If there is any wiggle room in the six-month extension document, Dijsselbloem will try to eliminate it. For one, Greece insists that the troika's auditors will not be welcomed back to Athens to oversee implementation of the diktats. According to Yves Smith,
[I]t may be that even the concessions that they are apparently prepared to offer will not be deemed sufficient. For instance, it does not appear that Syriza has agreed to let the Troika monitors back in, one of the five demand seen as critical by the Germans. And even though the European Commission spokesperson Valdis Dombrovskis said there might be some negotiating room on specific conditions, that is also inconsistent with the FAZ description of the German stance. Recall that it was a European Commission trial document that Varoufakis said Greece was willing to sign but was firmly nixed by the Eurogroup. 
So it may be that this last round of concessions is meant not as a capitulation but to demonstrate how much Greece was willing to give in the face of implacable Eurogroup demands and was still rebuffed. We’ll know the outcome either way shortly.
This has been my feeling all along about the underlying strategy of Syriza. Syriza is a pro-EU party. Varoufakis spoke eloquently and sincerely -- and in an impromptu manner -- about European unity during his Monday press conference. But if Syriza can prove that the status quo is irrational, which Varoufakis has made some headway communicating over the last several weeks, then a Grexit and the resulting turmoil will not be blamed on Syriza but on the troika.

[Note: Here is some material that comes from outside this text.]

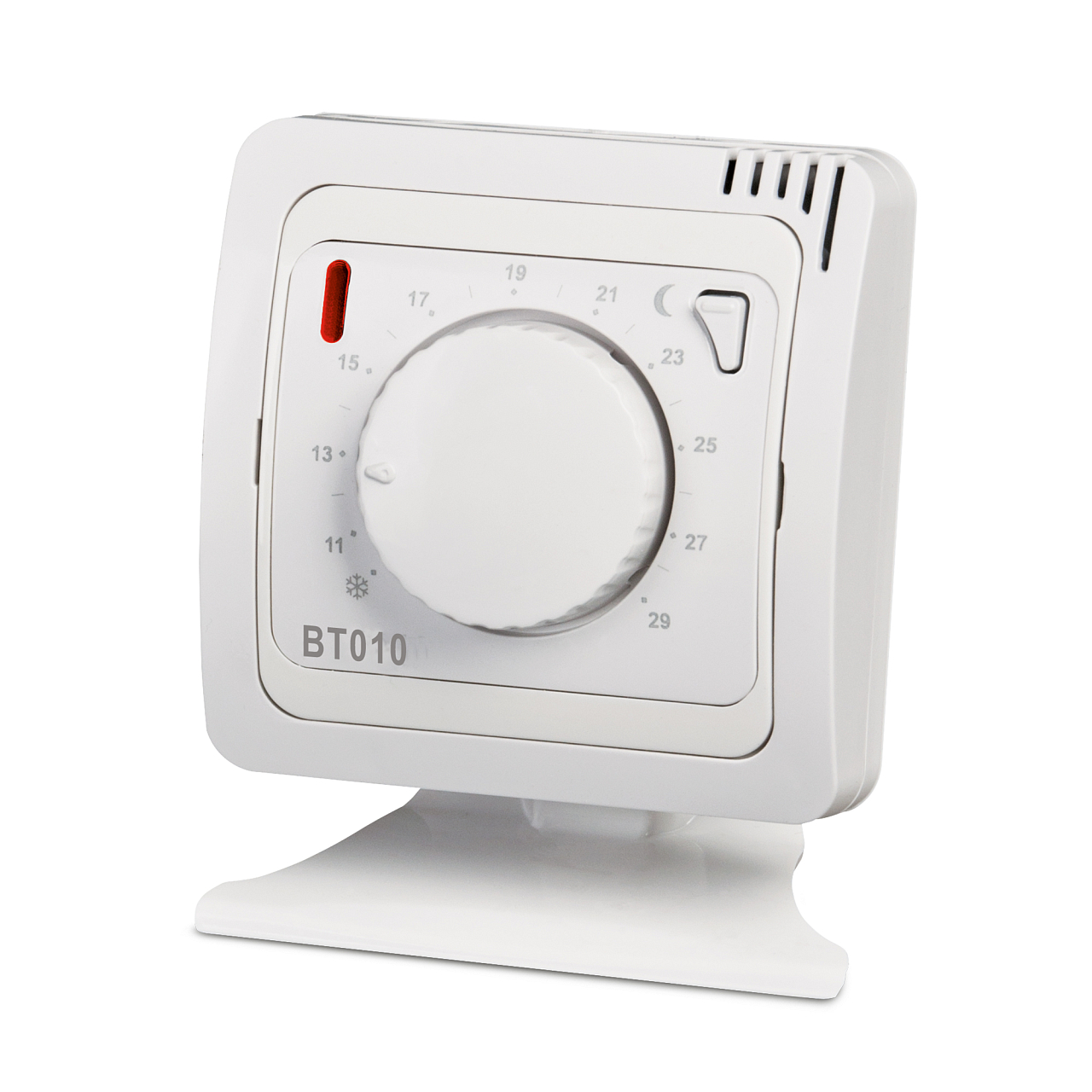 Digitale draadloze thermostaat Elektrobock BPT013 met een zelflerend codesysteem en eenvoudige bediening via een draaiknop met een ontvanger voor in het stopcontact. Uitgerust met een nieuwe functie voor automatische nachtverlaging van 3 °C gedurende 8 uur.

Kitsantonis and Kanter are reporting that Germany is opposed to Greece's six-month extension request:
Germany is probably the central eurozone member in [Friday's] proceedings, and a German Finance Ministry spokesman, Martin Jäger, said in a statement on Thursday that the letter from Athens was “not a substantial proposal to resolve matters.” He added: “The written document does not meet the criteria agreed in the Eurogroup on Monday.”
Germany's intention is to break Syriza, de-legitimize it. Smith said the German ambassador to Greece requested that Varoufakis be replaced as finance minister. Germany sees Greece as a serf in bondage, and Germany will not accept an outcome that places the nations on equal footing.

The temptation in the West to interpret every relationship as one of lordship and bondage is on display in Ukraine. The junta's loss in Debaltseve is clearly a turning point. The Ukrainian Army which was cracking prior to Debaltseve (to the point that the Gray Lady was reporting plans floated in Kiev to create a brand new army) will probably not be able to recover from the rout it suffered this week. The Saker outlines the Debaltsve turning point as follows:
The real problem for Kiev is that more or less all of the current line of contact can become a potential counter-offensive point for the Novorussians who, by the way, have never concealed their desire to get back all of the historical Novorussian lands. So while the current (relative) cease-fire is all nice and dandy, I think that by this spring, when the Novorussians will have reinforced their infantry with up to 100'00 more men the situation for the Kiev regime will become absolutely horrific and no amount of US weapon deliveries will change that. This might well be the beginning of the end for the Nazi experiment in Kiev. 
The implications for the AngloZionist empire are rather clear: if the 1%ers have any kind of sense of reality left, they should toss out Poroshenko and the rest of the crazies and foster some kind of government of technocrats in charge of drafting a new constitution and organizing a referendum on federalization simply because the folks in Kiev better negotiate while there still is something left to negotiate then to way to be hiding in a surrounded bunker like their hero Hitler did. Alas, I don't think Uncle Sam or the Eurocretins have any common sense left in them. 
Whatever may be the case, by the ballot or by the bullet, but we *are* winning.
With the Ukrainian Army mortally wounded, Poroshenko is trying to get UN peacekeepers introduced to Donbass. Russia has nixed the move.

Would the U.S. try to piece together a "coalition of the willing"? I don't think so; such a move would invite an enormous Russian response.

No, Kiev's days are numbered, and so too apparently the eurzone's.